* **Work request**: Retype only the lines that run from the top of the material below to the line bearing "Global Furniture USAWrapped", inclusive, and keep the pictures out.

*** The data ***

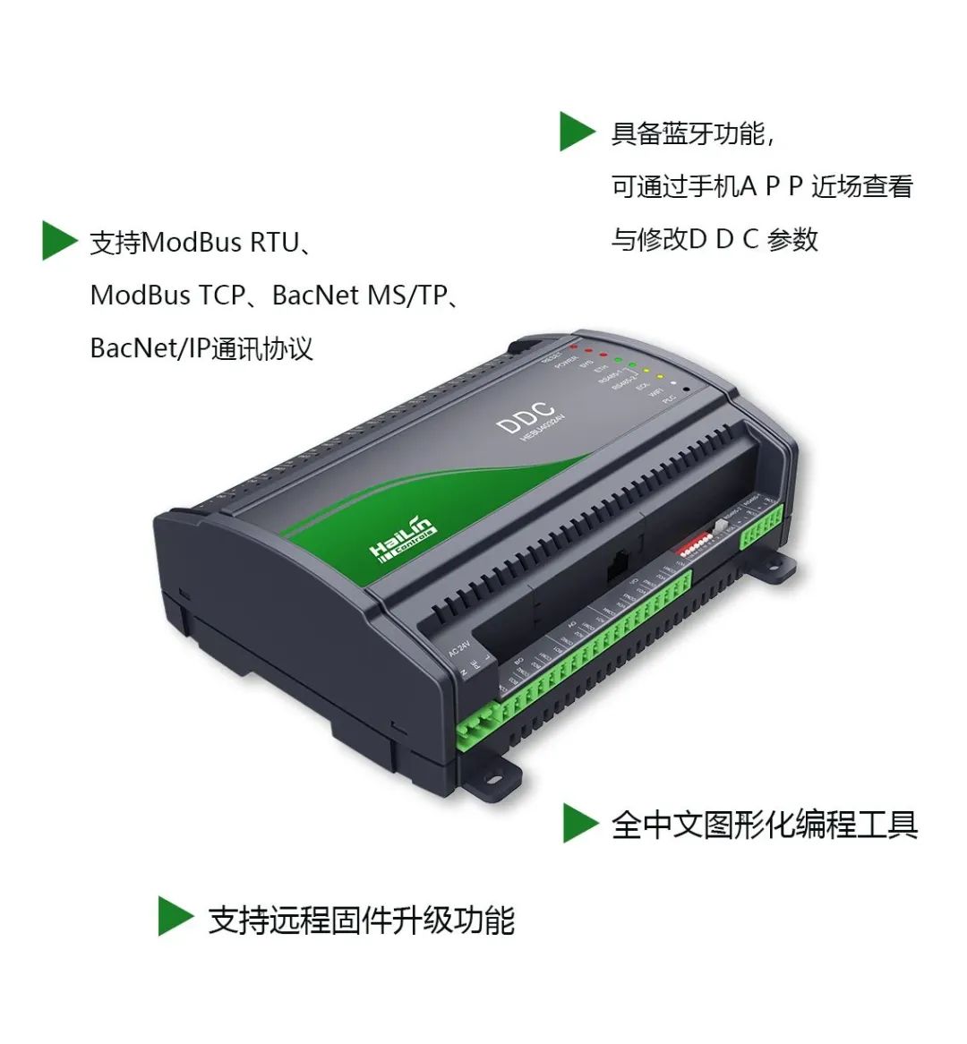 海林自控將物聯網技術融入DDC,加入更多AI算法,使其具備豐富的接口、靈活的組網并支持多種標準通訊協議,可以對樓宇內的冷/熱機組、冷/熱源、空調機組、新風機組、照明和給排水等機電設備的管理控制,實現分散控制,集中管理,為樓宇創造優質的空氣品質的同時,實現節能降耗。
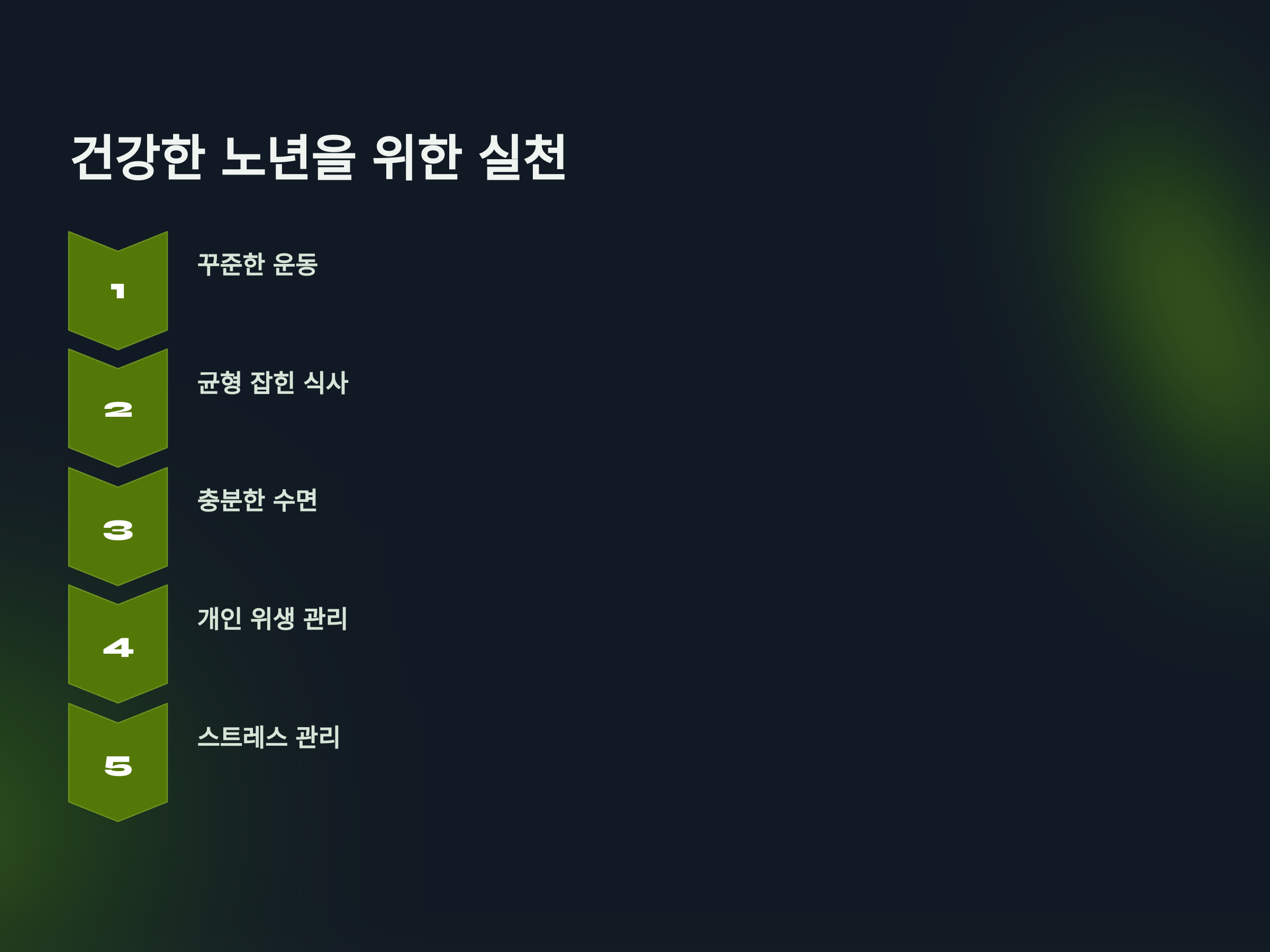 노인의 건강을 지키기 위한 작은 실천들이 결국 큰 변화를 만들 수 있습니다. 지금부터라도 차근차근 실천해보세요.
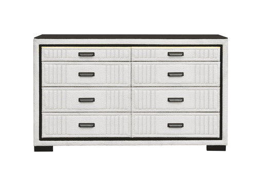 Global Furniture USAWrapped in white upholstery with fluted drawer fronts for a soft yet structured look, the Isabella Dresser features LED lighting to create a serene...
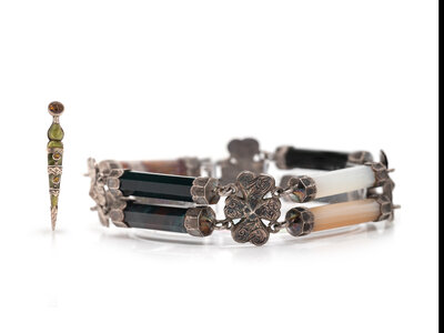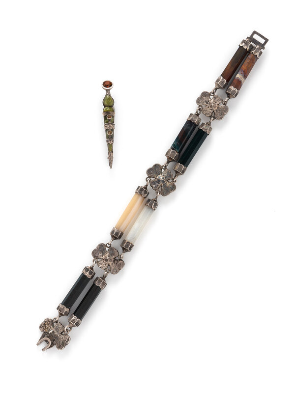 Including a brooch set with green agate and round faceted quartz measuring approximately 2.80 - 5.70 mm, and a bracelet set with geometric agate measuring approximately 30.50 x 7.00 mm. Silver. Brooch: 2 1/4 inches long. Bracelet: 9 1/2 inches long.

*** End of The data ***

* **Answer space**:
 海林自控將物聯網技術融入DDC,加入更多AI算法,使其具備豐富的接口、靈活的組網并支持多種標準通訊協議,可以對樓宇內的冷/熱機組、冷/熱源、空調機組、新風機組、照明和給排水等機電設備的管理控制,實現分散控制,集中管理,為樓宇創造優質的空氣品質的同時,實現節能降耗。
 노인의 건강을 지키기 위한 작은 실천들이 결국 큰 변화를 만들 수 있습니다. 지금부터라도 차근차근 실천해보세요.
 Global Furniture USAWrapped in white upholstery with fluted drawer fronts for a soft yet structured look, the Isabella Dresser features LED lighting to create a serene...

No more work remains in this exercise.